What you have to do: Please give back each line of the material unchanged, but without the images.

Dataset section:
****

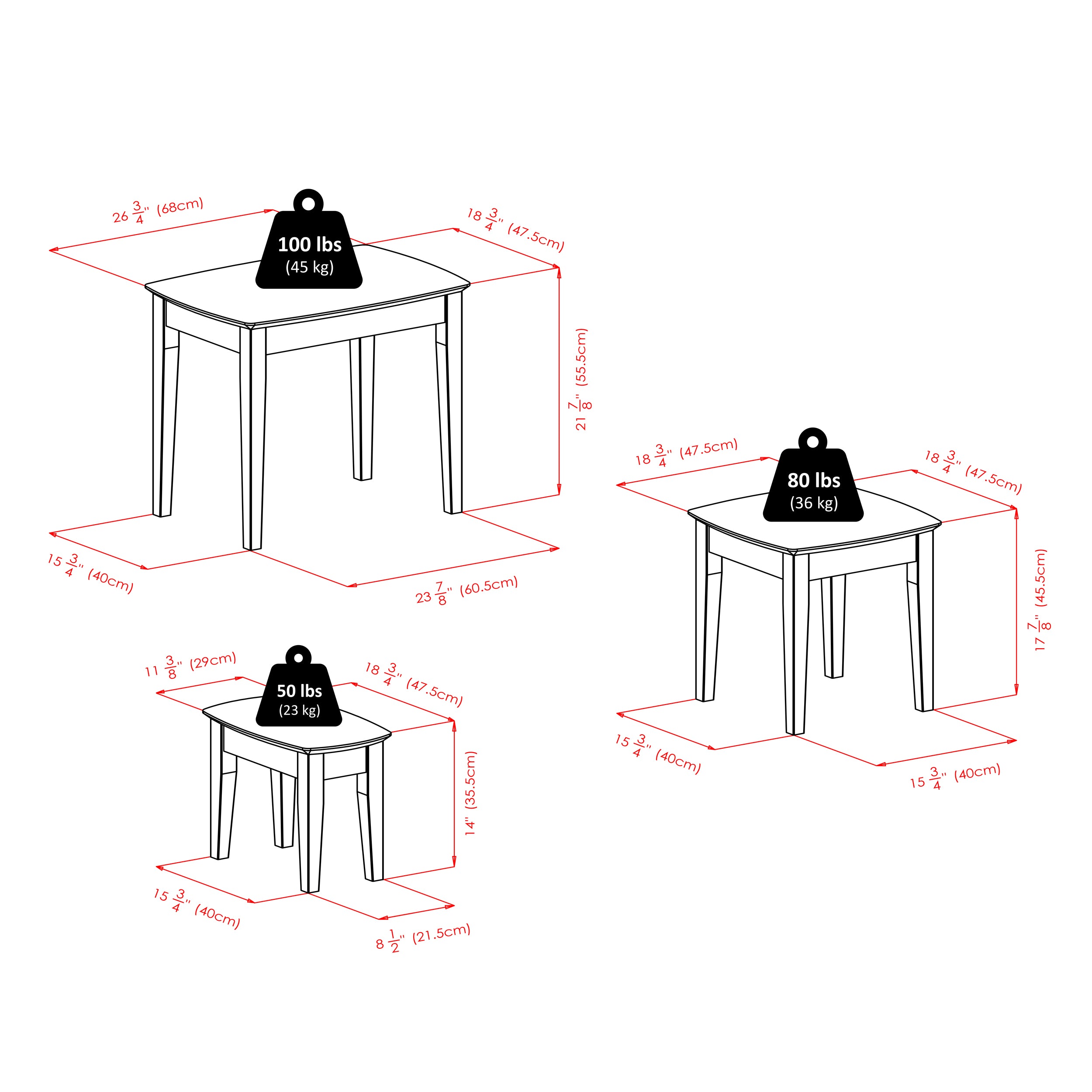 - Large: 26.8"W x 18.7"D x 21.9"H Med: 18.7"W x 18.7"D x 17.9"H Small: 11.4"W x 18.7"D x 14"H
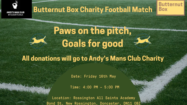 Want to join me in making a difference? We are holding a Charity football match between two of our Teams - Conan and Skye, with hope we can benefit ANDYSMANCLUB Limited, and any donation will help make an impact. Thanks in advance for your contribution to this cause that means so much! Details of the Football match can be found below.
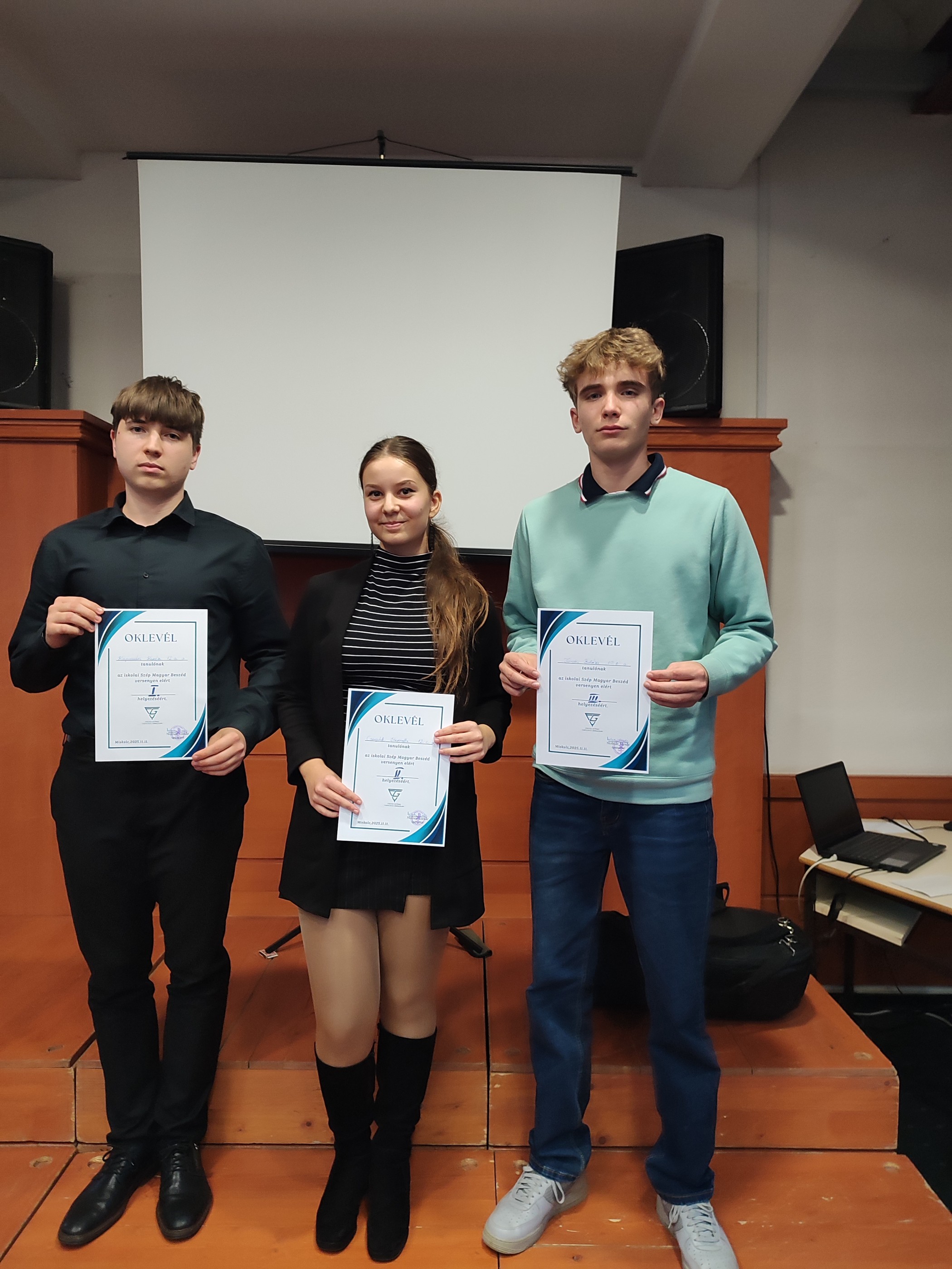 2025. november 11.-én tartottuk meg iskolánkban a Szép magyar beszéd verseny iskolai fordulóját a felsőgimnazisták számára. Ezen az alábbi eredmények születtek:

****

Exercise answer:
 - Large: 26.8"W x 18.7"D x 21.9"H Med: 18.7"W x 18.7"D x 17.9"H Small: 11.4"W x 18.7"D x 14"H
 Want to join me in making a difference? We are holding a Charity football match between two of our Teams - Conan and Skye, with hope we can benefit ANDYSMANCLUB Limited, and any donation will help make an impact. Thanks in advance for your contribution to this cause that means so much! Details of the Football match can be found below.
 2025. november 11.-én tartottuk meg iskolánkban a Szép magyar beszéd verseny iskolai fordulóját a felsőgimnazisták számára. Ezen az alábbi eredmények születtek:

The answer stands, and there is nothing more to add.